Stored dataset items
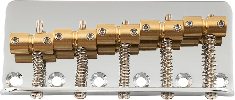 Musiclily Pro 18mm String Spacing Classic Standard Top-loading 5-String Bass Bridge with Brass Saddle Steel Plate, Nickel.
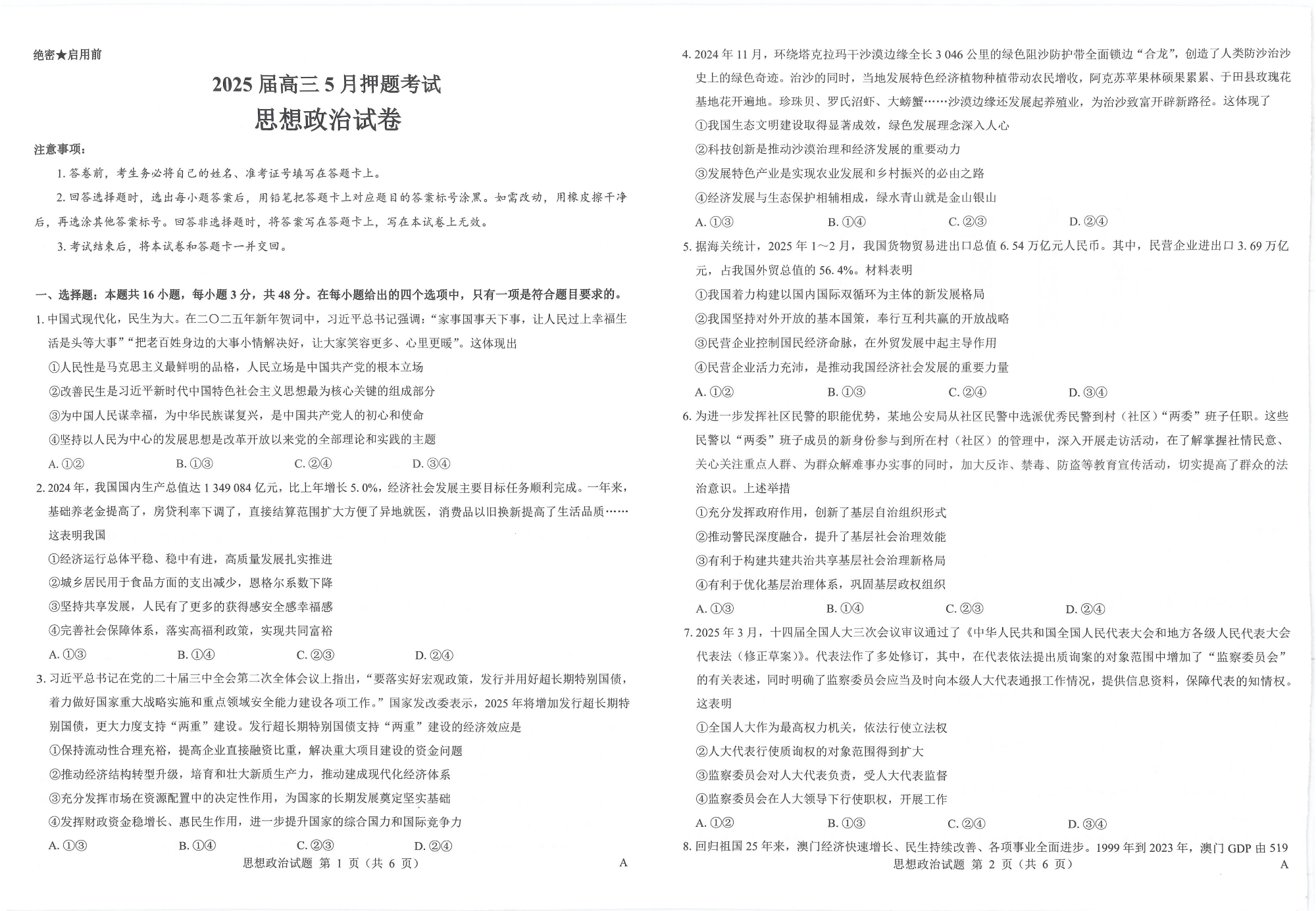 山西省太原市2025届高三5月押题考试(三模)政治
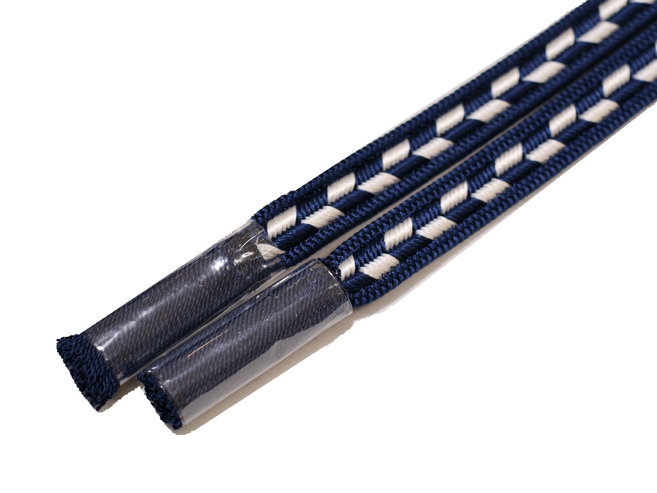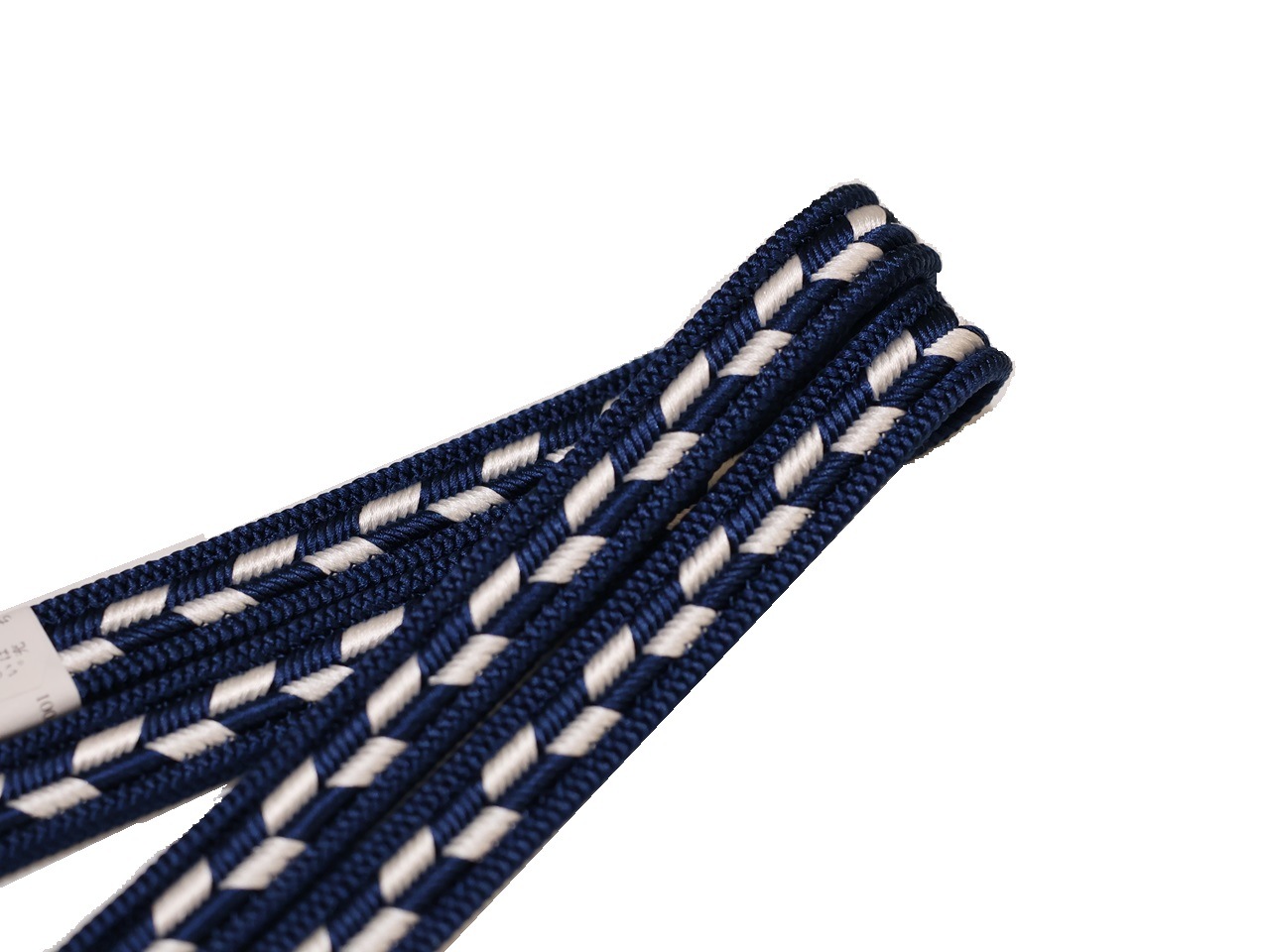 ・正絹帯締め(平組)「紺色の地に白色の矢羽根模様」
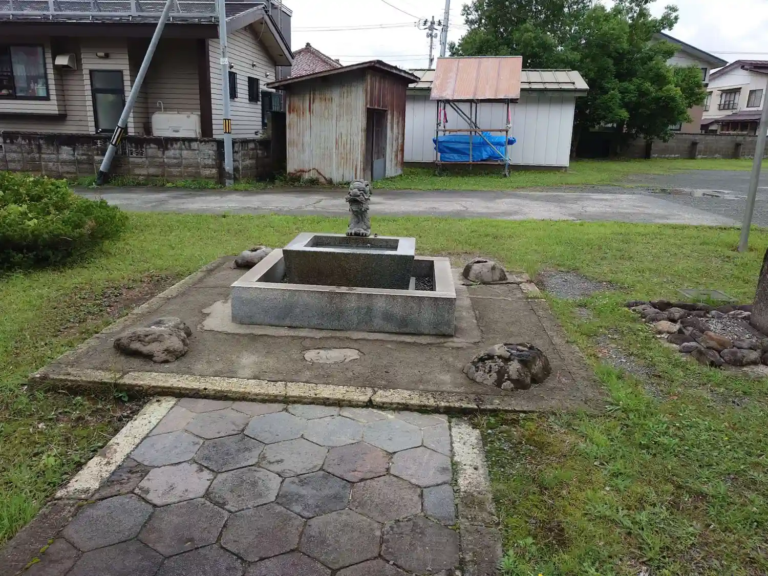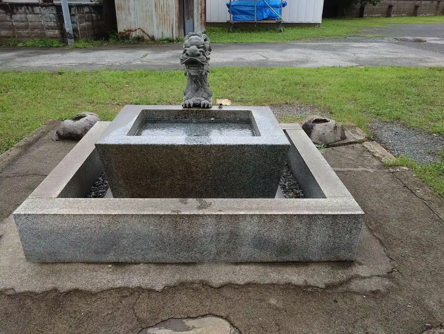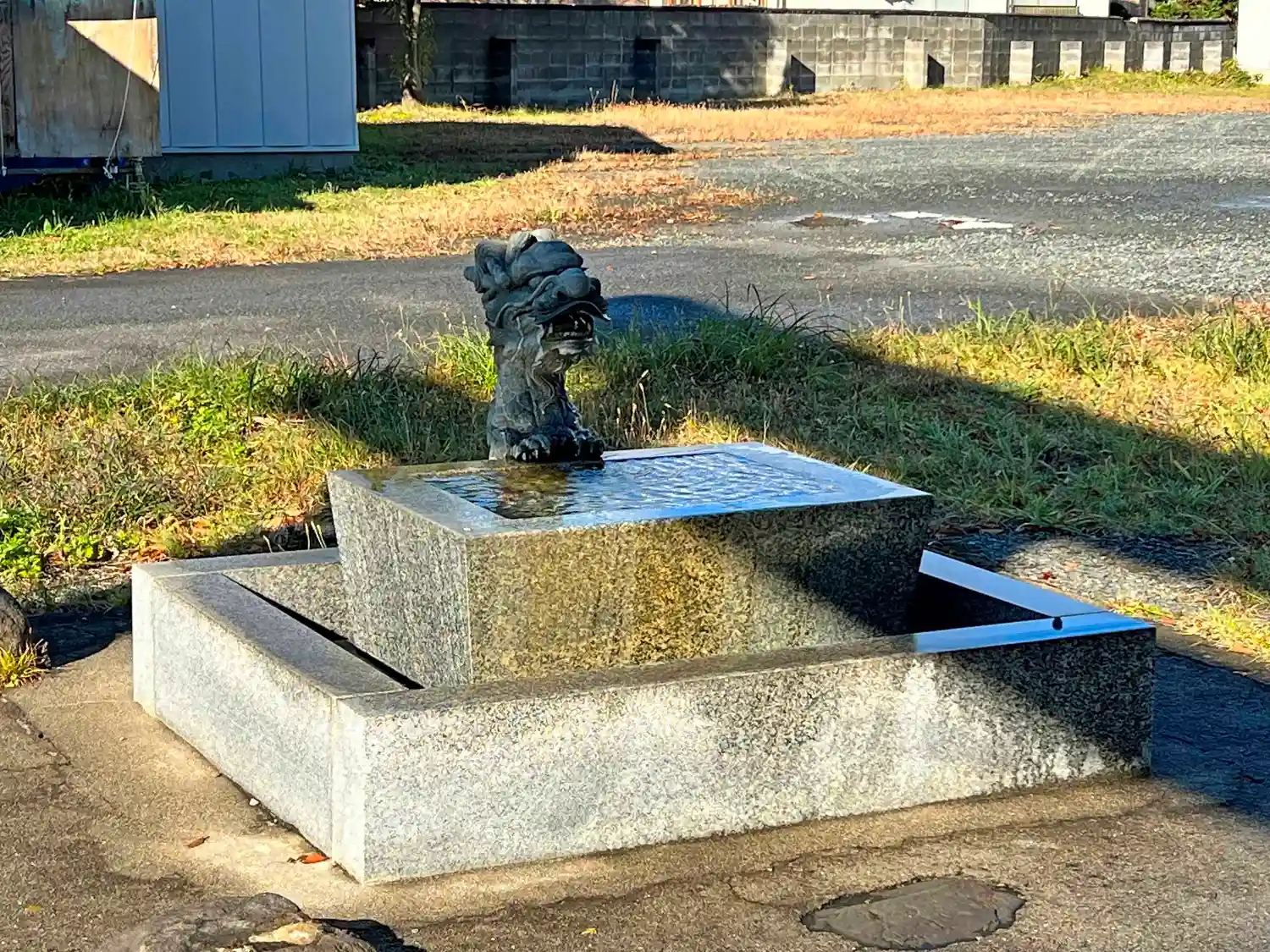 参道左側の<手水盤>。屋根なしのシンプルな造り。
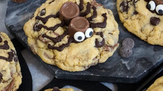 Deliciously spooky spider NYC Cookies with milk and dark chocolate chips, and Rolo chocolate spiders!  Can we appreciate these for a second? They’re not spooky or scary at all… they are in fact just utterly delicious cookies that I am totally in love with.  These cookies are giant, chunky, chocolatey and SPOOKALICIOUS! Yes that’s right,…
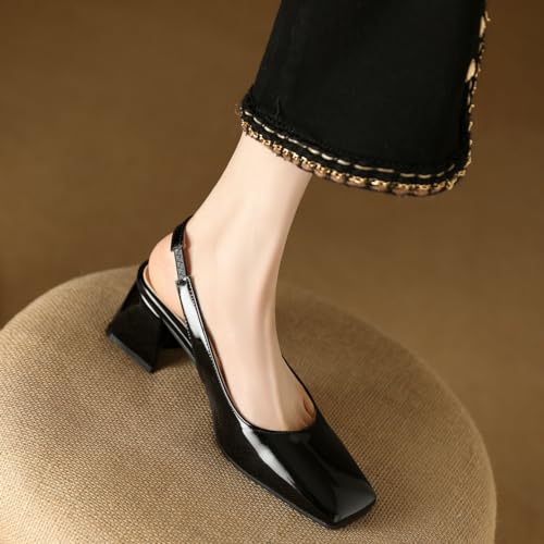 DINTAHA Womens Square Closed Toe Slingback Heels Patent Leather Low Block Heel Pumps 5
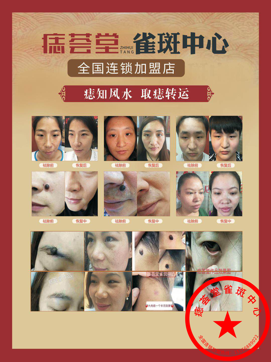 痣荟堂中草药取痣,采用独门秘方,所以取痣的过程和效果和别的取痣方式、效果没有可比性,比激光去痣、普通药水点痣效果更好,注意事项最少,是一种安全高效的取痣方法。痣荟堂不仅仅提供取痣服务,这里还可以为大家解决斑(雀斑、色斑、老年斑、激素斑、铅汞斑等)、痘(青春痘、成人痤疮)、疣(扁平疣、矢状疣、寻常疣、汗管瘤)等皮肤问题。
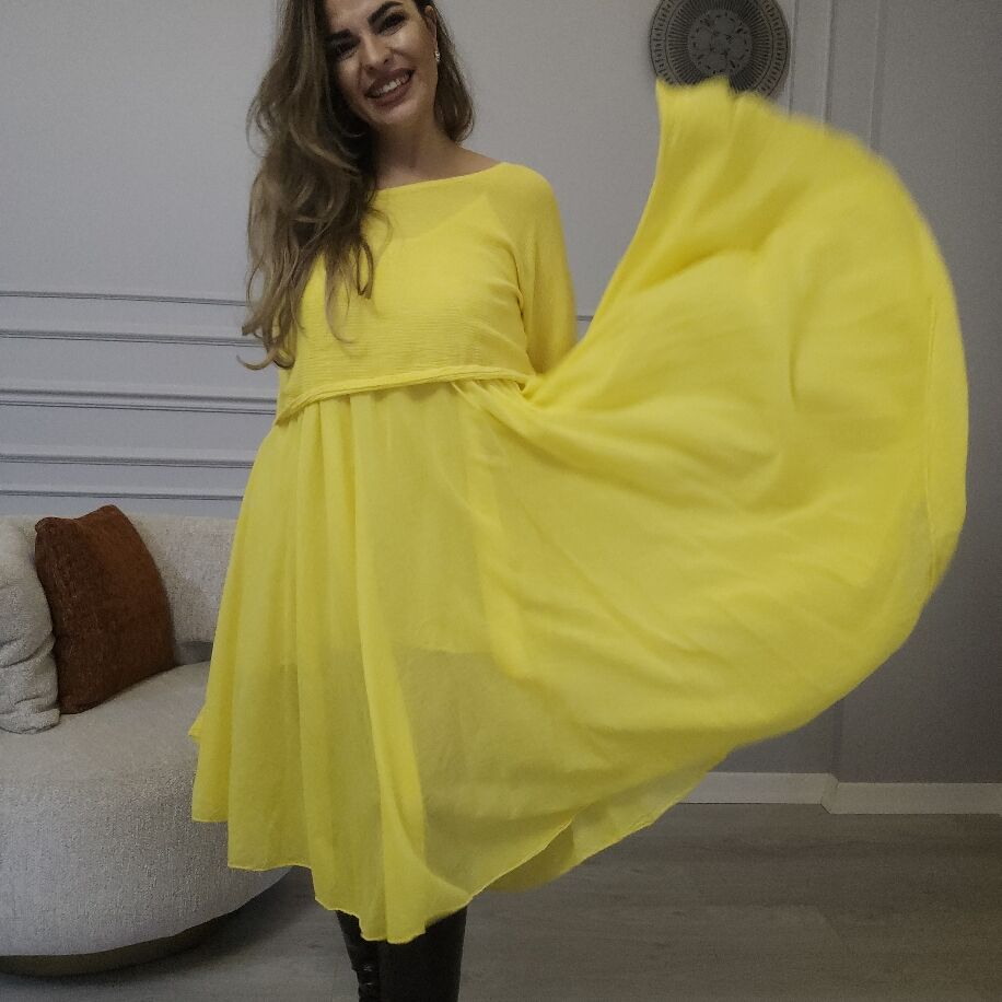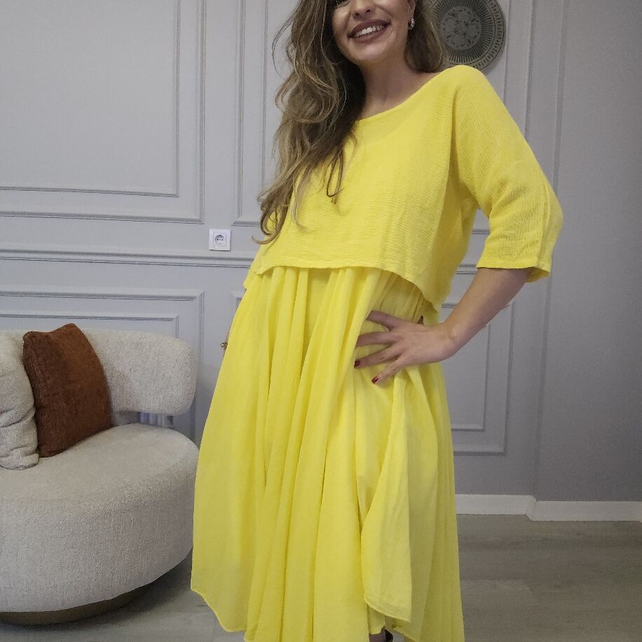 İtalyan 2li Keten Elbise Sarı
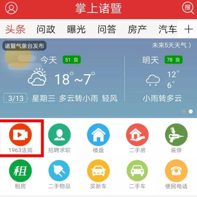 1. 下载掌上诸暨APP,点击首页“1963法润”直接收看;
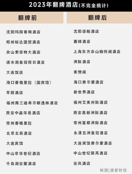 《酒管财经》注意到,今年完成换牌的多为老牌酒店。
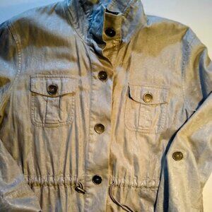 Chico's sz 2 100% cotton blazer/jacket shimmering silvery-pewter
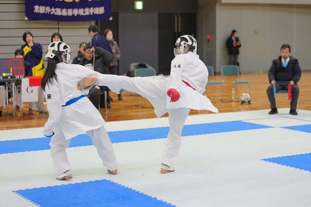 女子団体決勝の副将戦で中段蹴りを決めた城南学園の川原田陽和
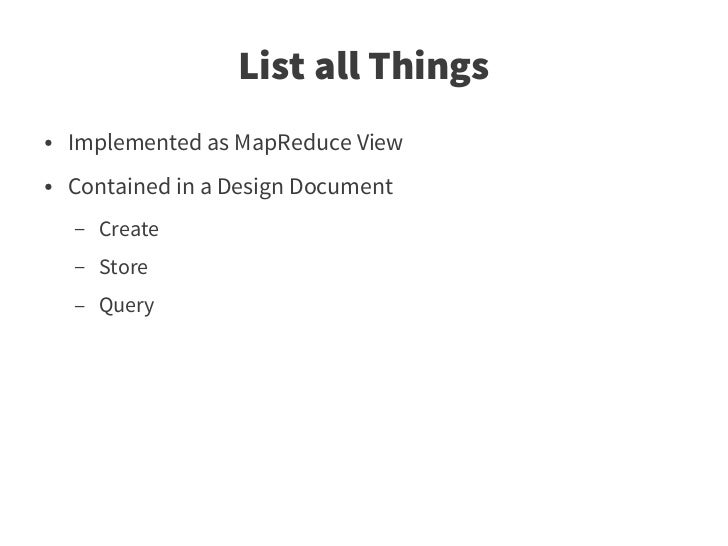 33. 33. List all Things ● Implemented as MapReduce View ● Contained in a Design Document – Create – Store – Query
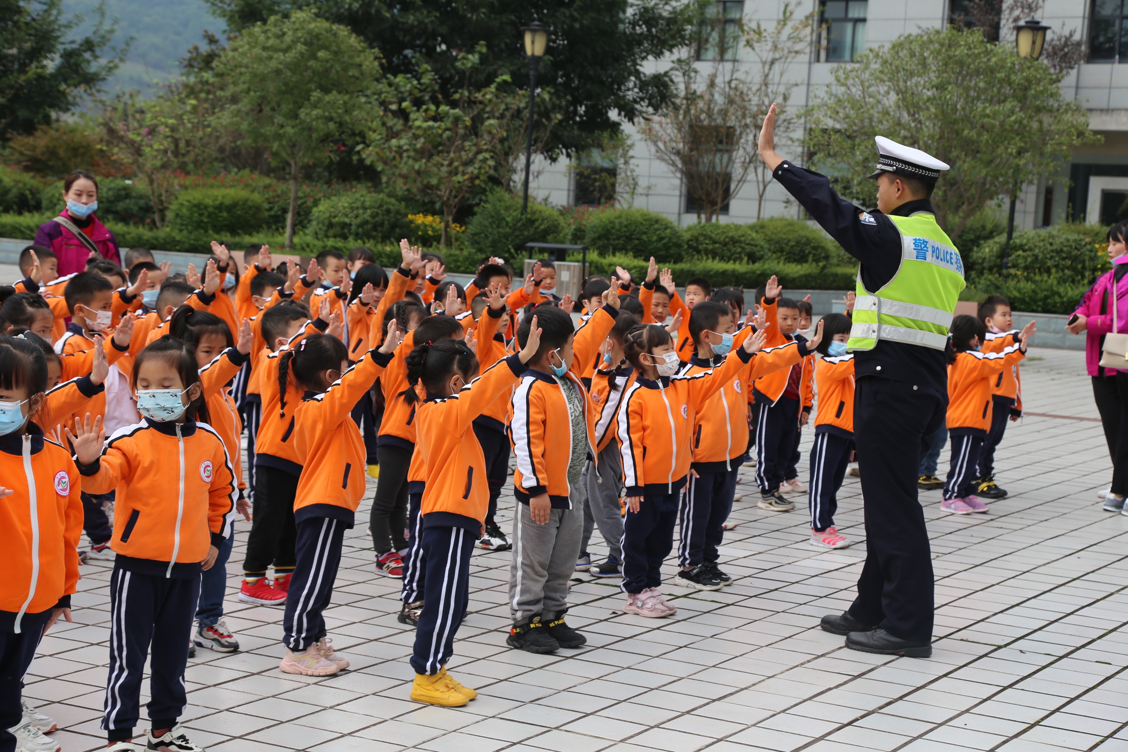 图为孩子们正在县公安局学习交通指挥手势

PROBLEM DETAILS: In the records, the line containing "İtalyan 2li Keten Elbise Sarı" starts the span and the final line ends it. Output exactly that span, both ends included, with no pictures and nothing else.

EXPECTED OUTPUT:
 İtalyan 2li Keten Elbise Sarı
 1. 下载掌上诸暨APP,点击首页“1963法润”直接收看;
 《酒管财经》注意到,今年完成换牌的多为老牌酒店。
 Chico's sz 2 100% cotton blazer/jacket shimmering silvery-pewter
 女子団体決勝の副将戦で中段蹴りを決めた城南学園の川原田陽和
 33. 33. List all Things ● Implemented as MapReduce View ● Contained in a Design Document – Create – Store – Query
 图为孩子们正在县公安局学习交通指挥手势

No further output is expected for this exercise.